Who Are Sikhs?

Sikhs are an ethno-religious community founded over five hundred years ago by Guru Nanak, the first of the ten Sikh gurus, in the Punjab region of the Indian subcontinent.

 

Sikhs have lived in Australia in small numbers since the 1830s. We fought for the allied forces in both world wars, and even as Anzacs in Gallipoli. While Sikhs make up only 0.5 percent of the Australian population today, they are the nation's fastest growing and fifth largest religion.

Sikhs are perhaps most recognisable by our turbans, one of the five articles of faith a baptised Sikh should wear on their body.

 

Baptised Sikhs don't cut their hair, letting it grow naturally as a sign of respect to God. Wrapping a turban around our long hair is not only practical, but forms a spiritual crown that centres the energy stored within the hair. We also wear a steel bracelet to symbolise the oneness of God, a wooden comb to keep our hair clean, special undergarments for modesty and a ceremonial sword that shows our willingness to fight against injustice.

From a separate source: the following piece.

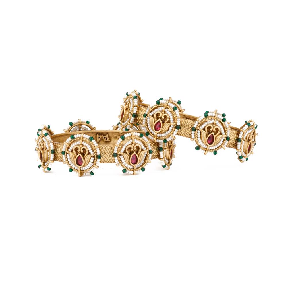 Gold Plated Red Onyx Stone Encircled With Pearls Bangles, Set Of 2 : VB138

The Sikh faith has always had a strong focus on social justice and equality. Selfless service to the community, or seva, is one of the core tenets of Sikhism. Sikhs are called to help people of all faiths and backgrounds. And since the very beginning, the Sikh gurus taught that men and women are equal. Both women and men are deserving of full rights, and can participate equally in all aspects of worship.

We have a strong tradition of langar, or running community kitchens in our temples. People from all walks of life, regardless of their race, ethnicity, religion or social status, are welcome to enjoy a free vegetarian meal with us as equals in our places of worship.

These are the values that drive Turbans 4 Australia to pursue a more just, equal and tolerant society.